### Data for processing
----------------------------------------

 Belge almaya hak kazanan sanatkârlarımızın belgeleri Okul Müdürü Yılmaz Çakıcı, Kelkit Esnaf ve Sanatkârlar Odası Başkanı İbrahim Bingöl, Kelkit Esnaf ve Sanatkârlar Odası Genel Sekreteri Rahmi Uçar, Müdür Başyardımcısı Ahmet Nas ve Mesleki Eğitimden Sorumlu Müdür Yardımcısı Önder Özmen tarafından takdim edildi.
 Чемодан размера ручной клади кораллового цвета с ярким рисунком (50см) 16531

----------------------------------------

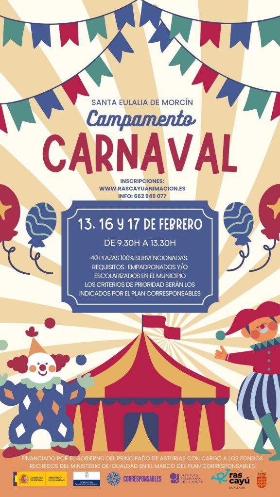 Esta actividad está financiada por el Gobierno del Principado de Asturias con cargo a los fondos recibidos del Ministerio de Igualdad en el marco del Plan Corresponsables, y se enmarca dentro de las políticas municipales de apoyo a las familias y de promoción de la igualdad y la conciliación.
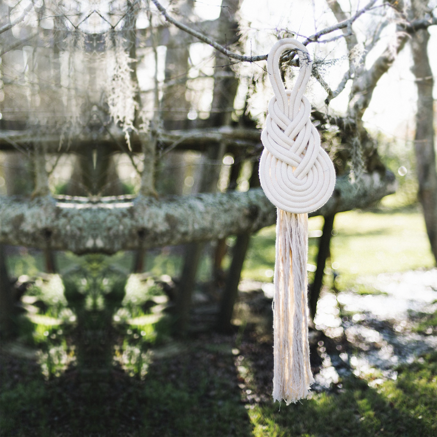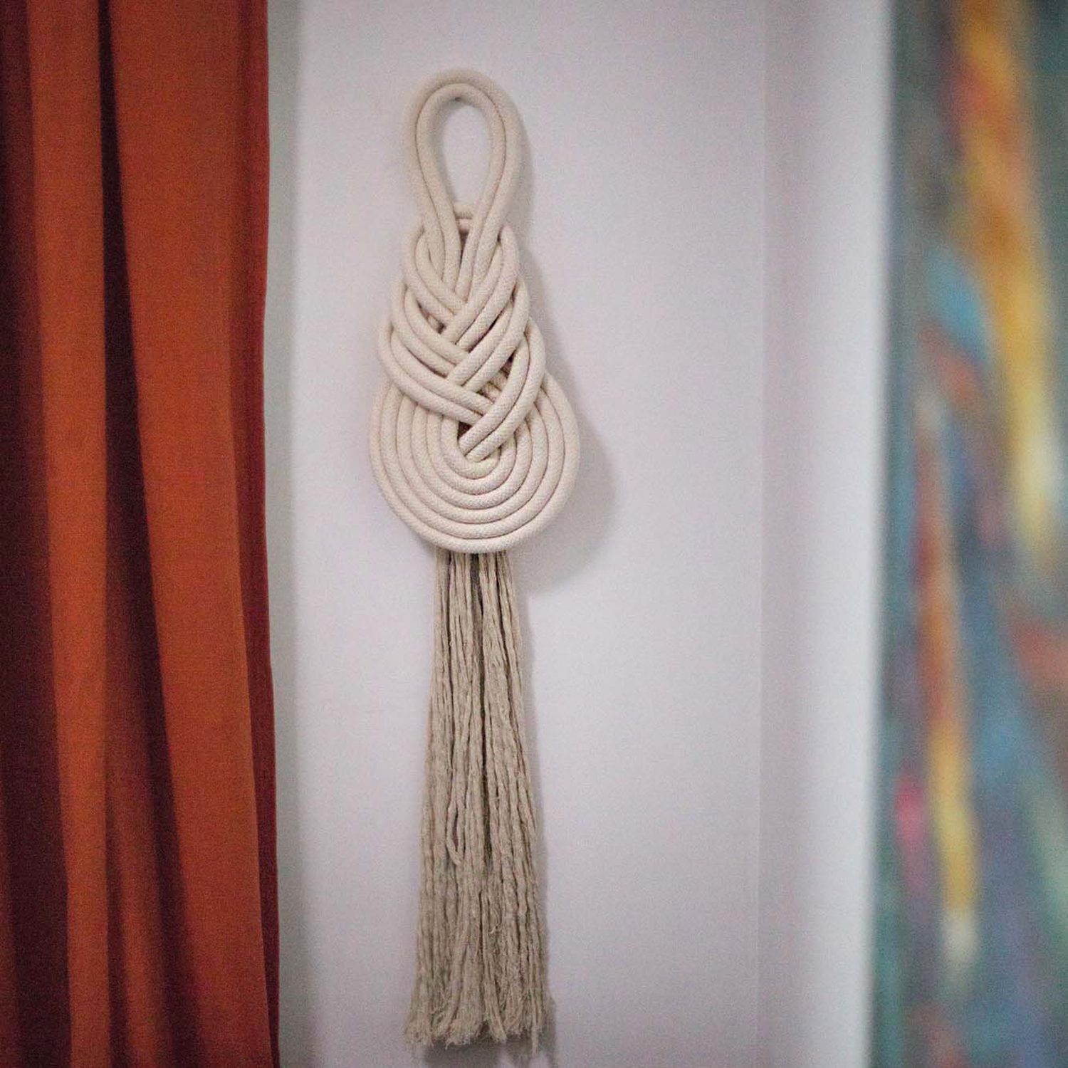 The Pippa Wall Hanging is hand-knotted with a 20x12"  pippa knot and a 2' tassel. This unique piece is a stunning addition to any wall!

----------------------------------------

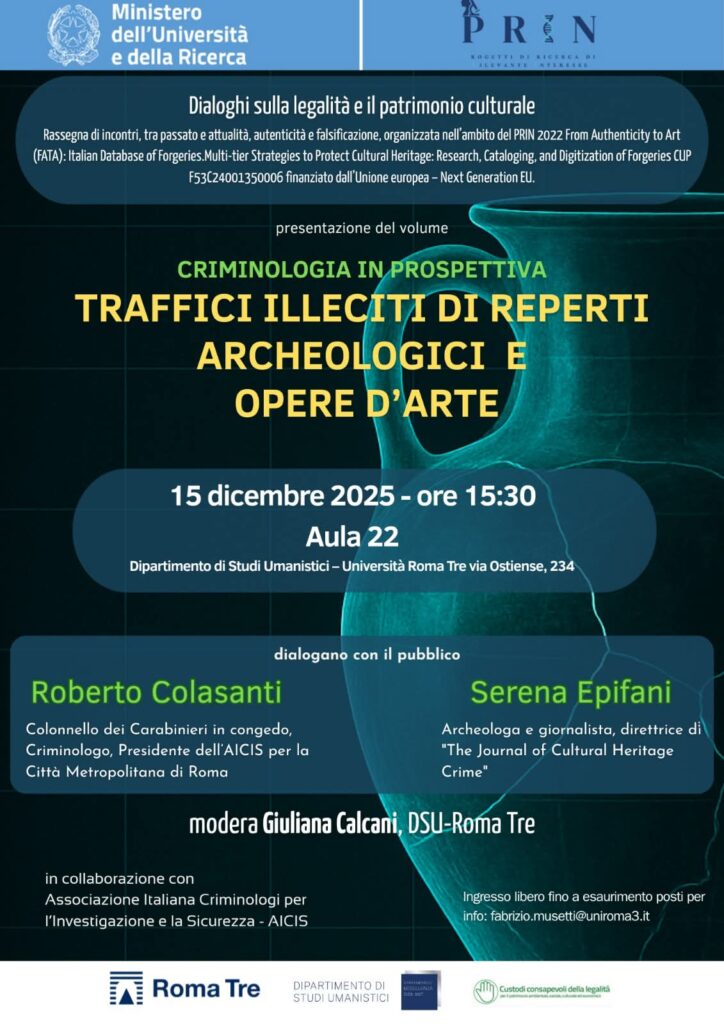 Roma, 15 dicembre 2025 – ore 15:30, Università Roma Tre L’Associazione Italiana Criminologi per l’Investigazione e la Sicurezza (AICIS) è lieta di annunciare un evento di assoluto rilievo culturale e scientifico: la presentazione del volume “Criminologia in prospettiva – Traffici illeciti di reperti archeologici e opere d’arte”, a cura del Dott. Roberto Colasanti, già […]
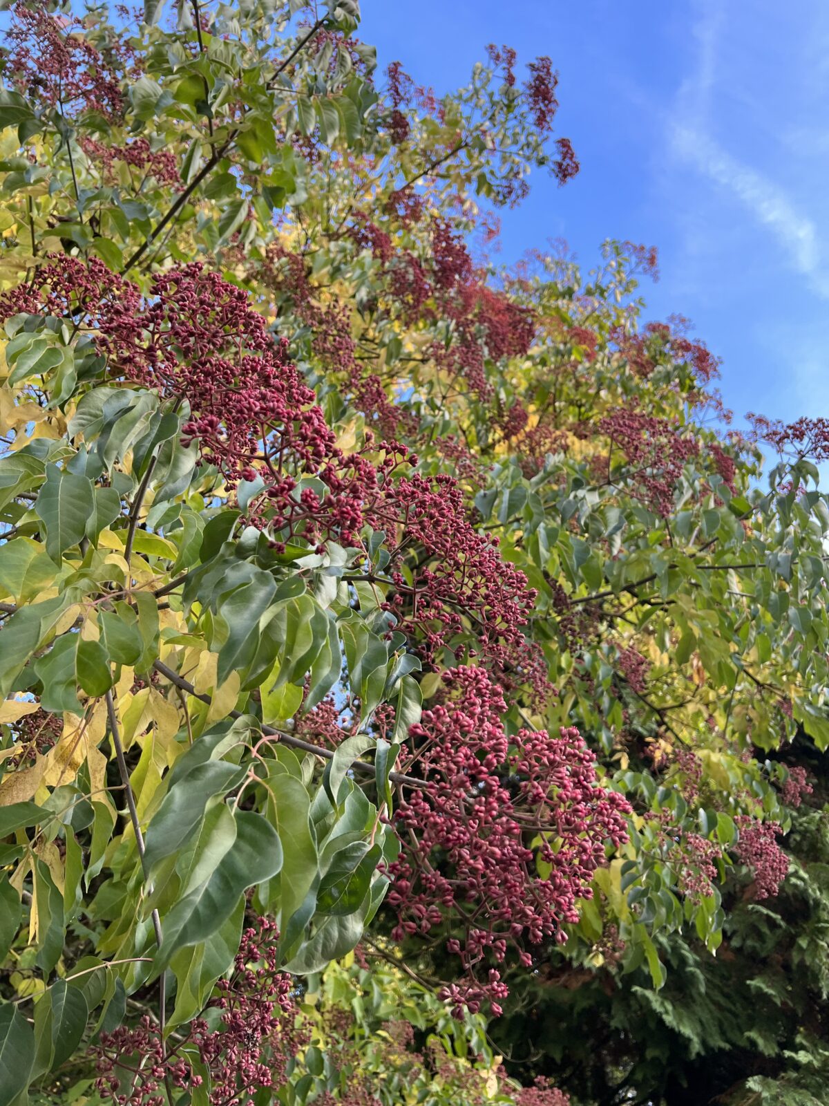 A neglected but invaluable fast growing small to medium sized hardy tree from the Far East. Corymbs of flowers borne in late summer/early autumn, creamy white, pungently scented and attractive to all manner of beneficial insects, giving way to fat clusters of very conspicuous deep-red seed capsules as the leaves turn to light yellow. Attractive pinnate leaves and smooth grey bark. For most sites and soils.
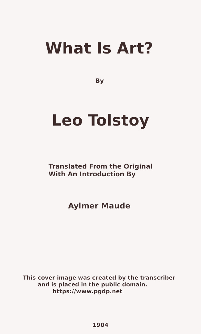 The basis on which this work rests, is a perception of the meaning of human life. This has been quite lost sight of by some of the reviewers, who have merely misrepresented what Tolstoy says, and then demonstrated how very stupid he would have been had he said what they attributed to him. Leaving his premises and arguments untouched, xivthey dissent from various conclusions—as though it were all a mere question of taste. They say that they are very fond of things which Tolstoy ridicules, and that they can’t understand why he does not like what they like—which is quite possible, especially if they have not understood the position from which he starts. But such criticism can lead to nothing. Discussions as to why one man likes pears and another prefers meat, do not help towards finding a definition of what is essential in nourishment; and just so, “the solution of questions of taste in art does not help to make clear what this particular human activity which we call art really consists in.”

----------------------------------------

### Your assignment
Wherever the line holding "Belge almaya hak" falls in the entries above, copy exactly from it through the line holding "Чемодан размера ручной", inclusive, and add nothing.

### Response below
 Belge almaya hak kazanan sanatkârlarımızın belgeleri Okul Müdürü Yılmaz Çakıcı, Kelkit Esnaf ve Sanatkârlar Odası Başkanı İbrahim Bingöl, Kelkit Esnaf ve Sanatkârlar Odası Genel Sekreteri Rahmi Uçar, Müdür Başyardımcısı Ahmet Nas ve Mesleki Eğitimden Sorumlu Müdür Yardımcısı Önder Özmen tarafından takdim edildi.
 Чемодан размера ручной клади кораллового цвета с ярким рисунком (50см) 16531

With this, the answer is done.